---------- Records for processing
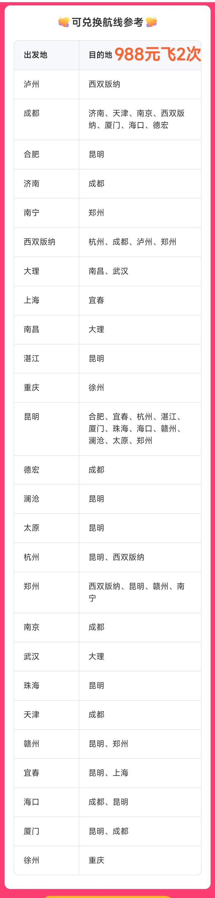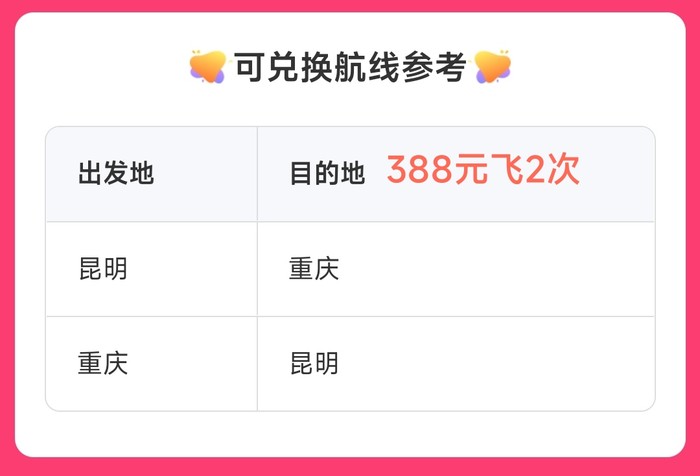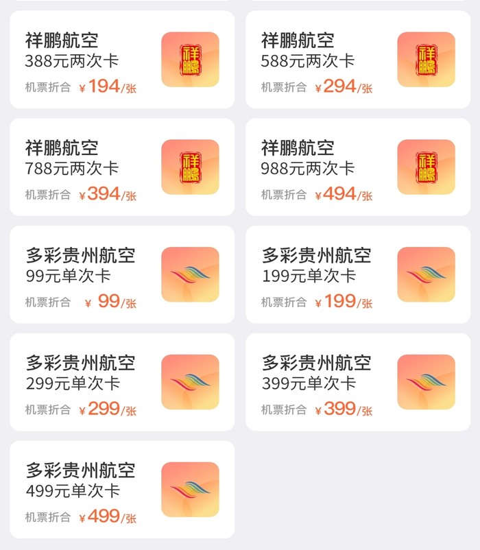祥鹏航空两次卡,388元起,飞2次,税费另付,未兑可退。
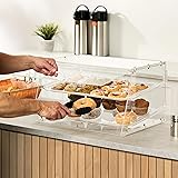 Front & Rear Doors – Food can be accessed and loaded through front and rear spring-hinged doors ideal for displaying donuts, pastries, breads and more 2 Trays – Includes two tray slots perfect for hotels, convenience stores and bakeries Easy Clean – Smooth acrylic surface wipes down with a damp cloth Measures 21” x 18”x 12”
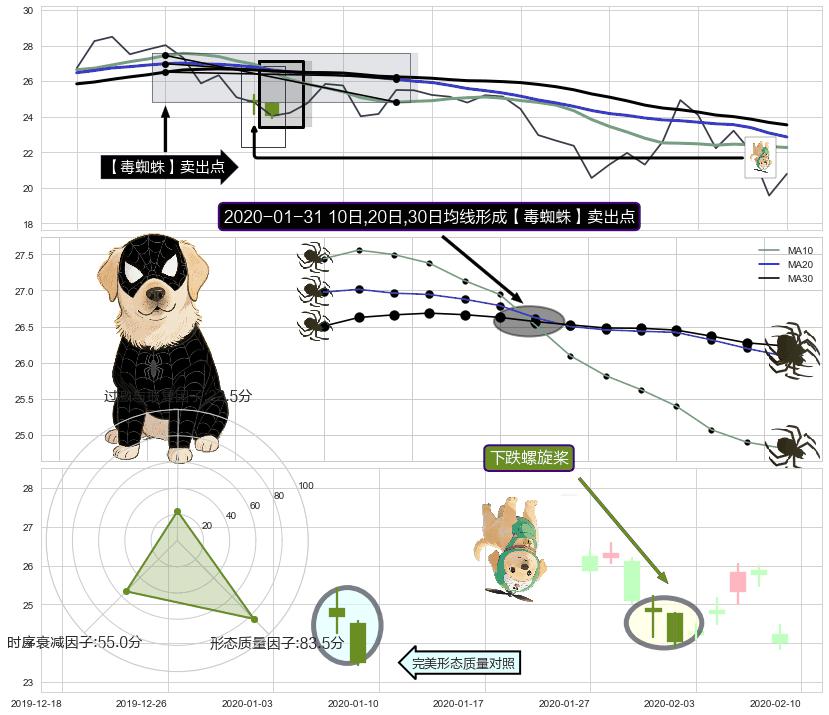 | 14 🅚:【毒蜘蛛】卖出点 ➕ ☯️:缠论买卖点上升缠:临近3卖-猜想击穿破位3卖后延续下跌趋势(大周期趋势均值回复后小周期持续趋势跟踪) ☞ 看空信号 ⇥ 【均线】交织【图形】⇥ 综合量化分数: 37 | > |
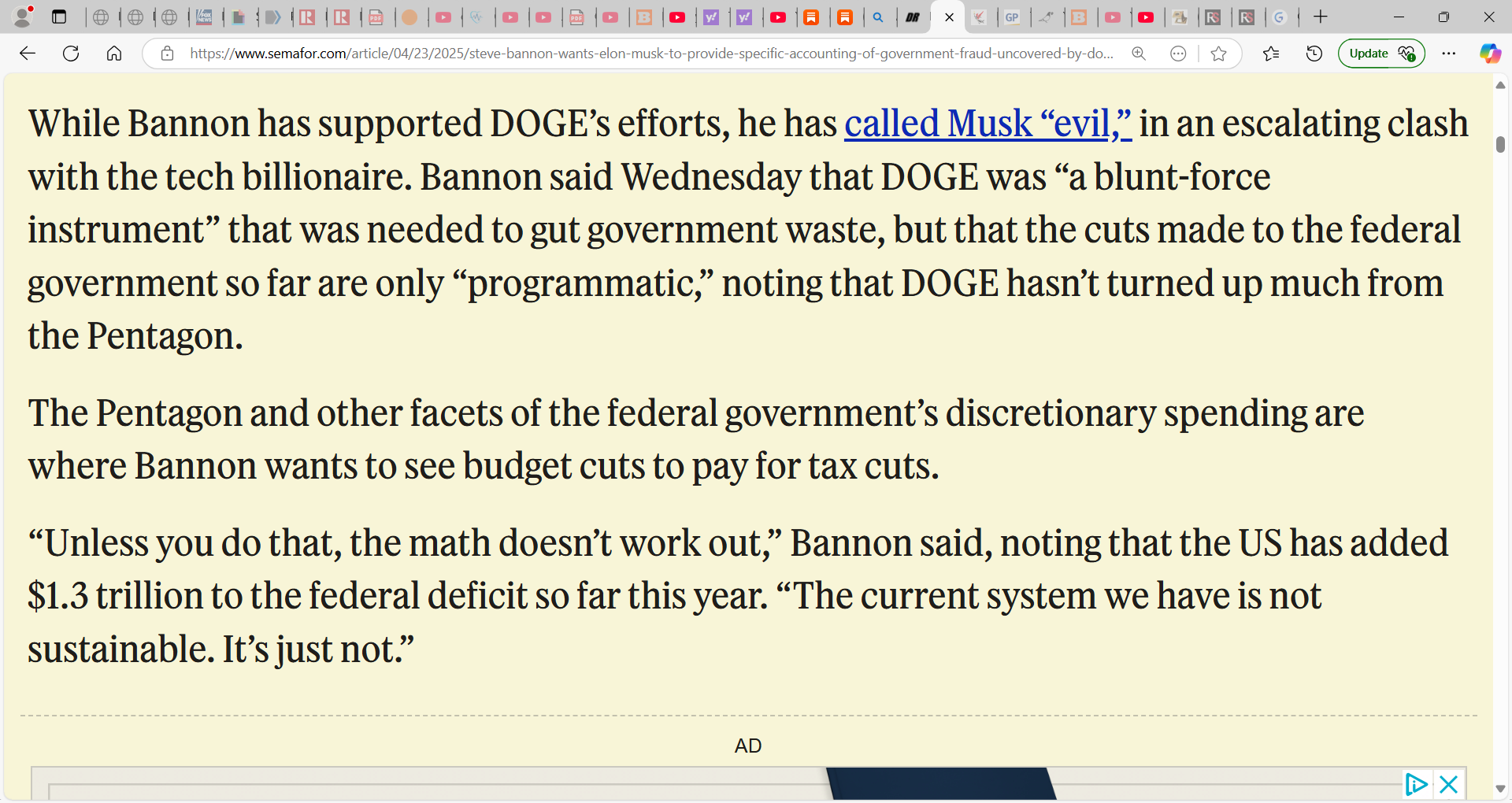 Bannon also said he wants a letter of certification showing that no one has taken any data from the Trump administration or government, to which Semafor’s editor-in-chief Ben Smith asked, “Sounds like you don’t trust [Musk] not to take data?”’
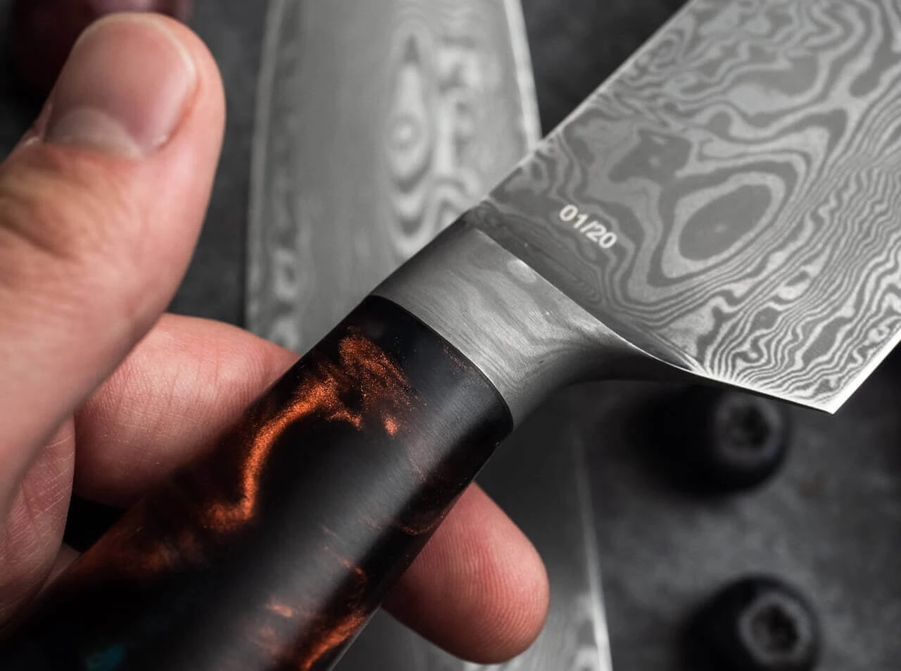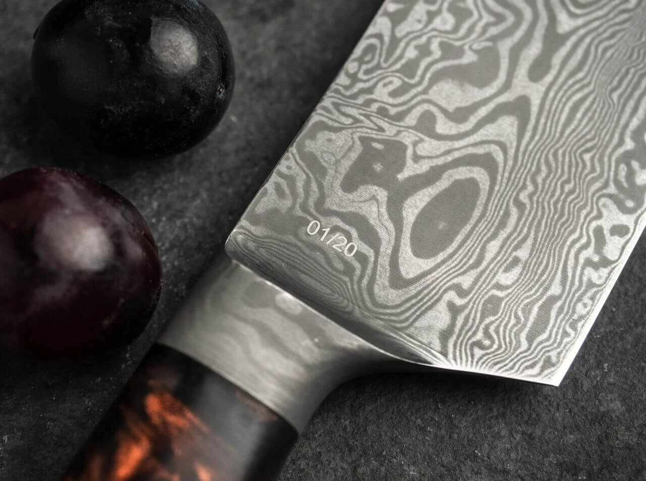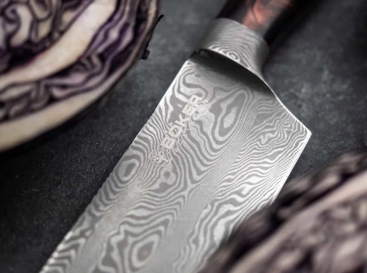 Das faszinierende Böker Interstellar Damast Chefmesser definiert die Gesetze der Gravitation neu und greift nicht nur kulinarisch nach den Sternen. Die edle Damastklinge und der außergewöhnliche Griff versprechen eine spannende Reise durch Raum und Zeit der Kochkunst und machen das Messer nicht nur zu einem begehrten Sammlerstück, sondern garantieren darüber hinaus eine überragende Leistungsfähigkeit für sämtliche Schneidaufgaben in der Küche. Der handgeschmiedete, rostfreie Damast weist nicht nur ein atemberaubendes Muster auf, sondern besticht auch mit seiner hohen Zähigkeit und Härte (60 HRC). Das geschmiedete Spaltstück aus 150 Lagen Damast wird bei uns in Solingen bis zur Rotglut erhitzt und durch einen zwei Tonnen schweren Fallbär im Gesenk in seine wunderschöne Form geschlagen.
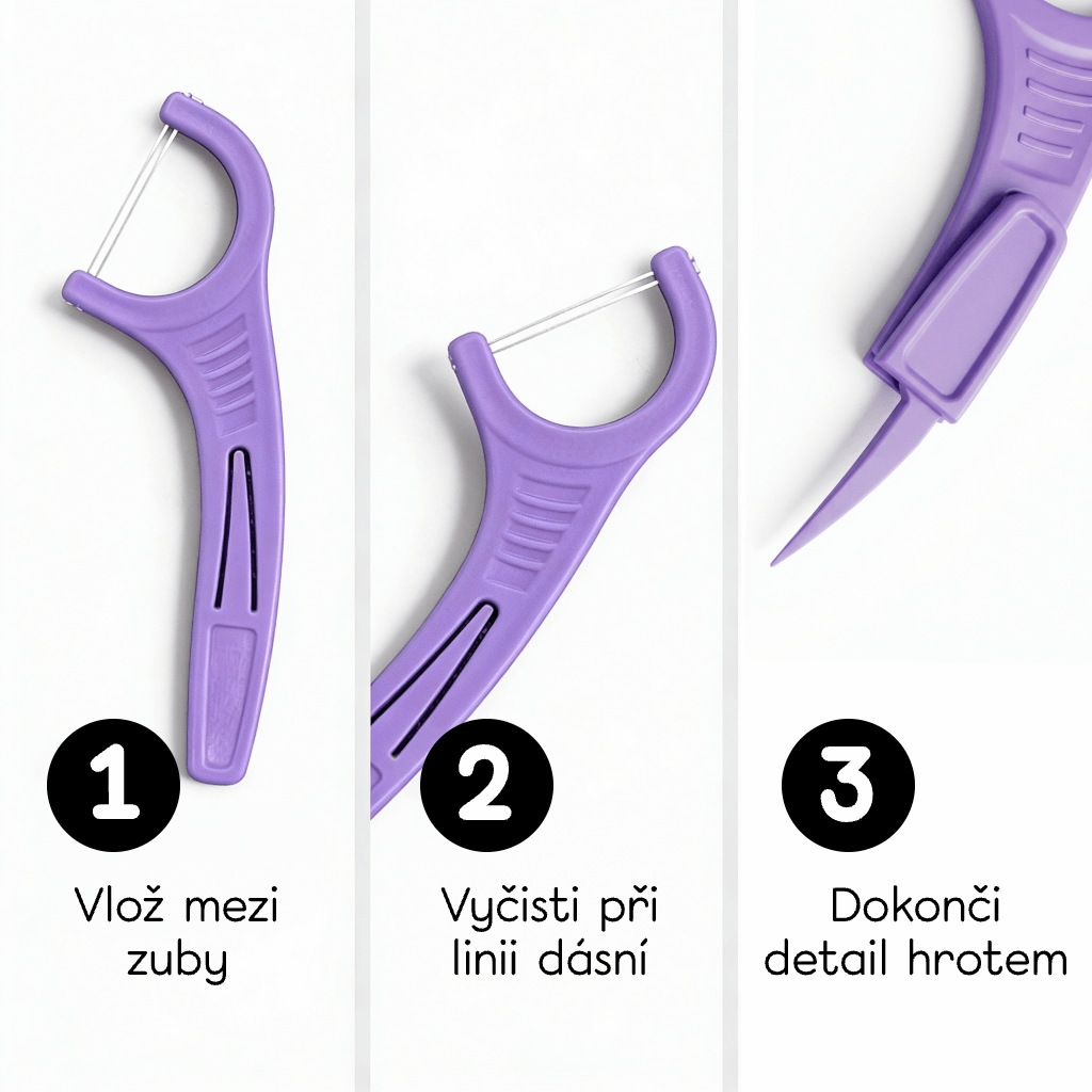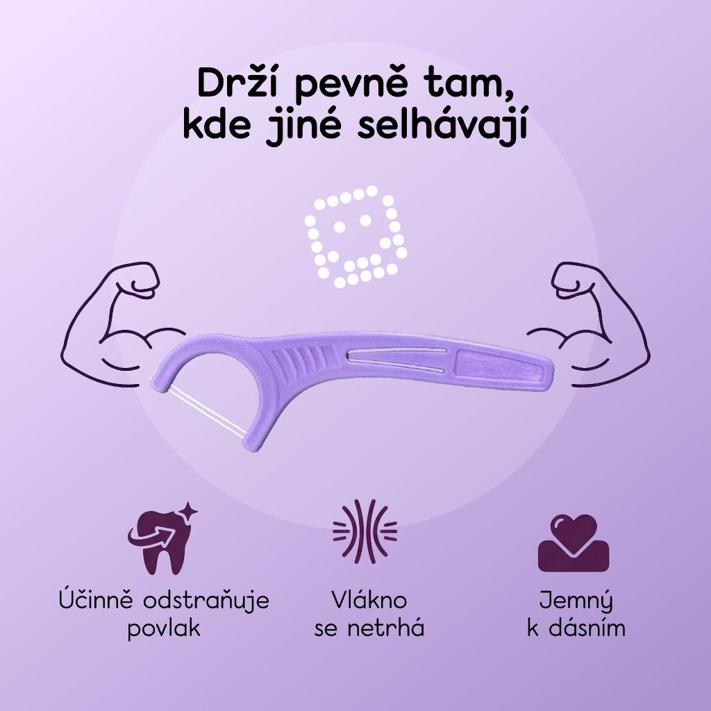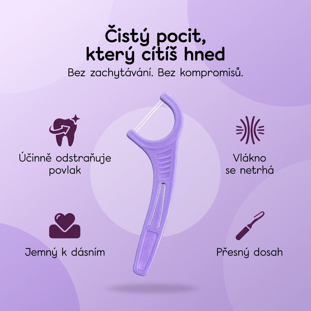 Na místech, kam se kartáček nedostane, rozhoduje pravidelná péče. Dentální párátka s nití účinně odstraňují zbytky jídla i povlak mezi zuby a pomáhají udržovat zdravé dásně a svěží dech každý den.
--------------------
Exercise requirements> Copy out exactly the lines between the line containing "Das faszinierende Böker" and the end of the entries, including both, and leave the pictures behind.

Exercise response>
 Das faszinierende Böker Interstellar Damast Chefmesser definiert die Gesetze der Gravitation neu und greift nicht nur kulinarisch nach den Sternen. Die edle Damastklinge und der außergewöhnliche Griff versprechen eine spannende Reise durch Raum und Zeit der Kochkunst und machen das Messer nicht nur zu einem begehrten Sammlerstück, sondern garantieren darüber hinaus eine überragende Leistungsfähigkeit für sämtliche Schneidaufgaben in der Küche. Der handgeschmiedete, rostfreie Damast weist nicht nur ein atemberaubendes Muster auf, sondern besticht auch mit seiner hohen Zähigkeit und Härte (60 HRC). Das geschmiedete Spaltstück aus 150 Lagen Damast wird bei uns in Solingen bis zur Rotglut erhitzt und durch einen zwei Tonnen schweren Fallbär im Gesenk in seine wunderschöne Form geschlagen.
 Na místech, kam se kartáček nedostane, rozhoduje pravidelná péče. Dentální párátka s nití účinně odstraňují zbytky jídla i povlak mezi zuby a pomáhají udržovat zdravé dásně a svěží dech každý den.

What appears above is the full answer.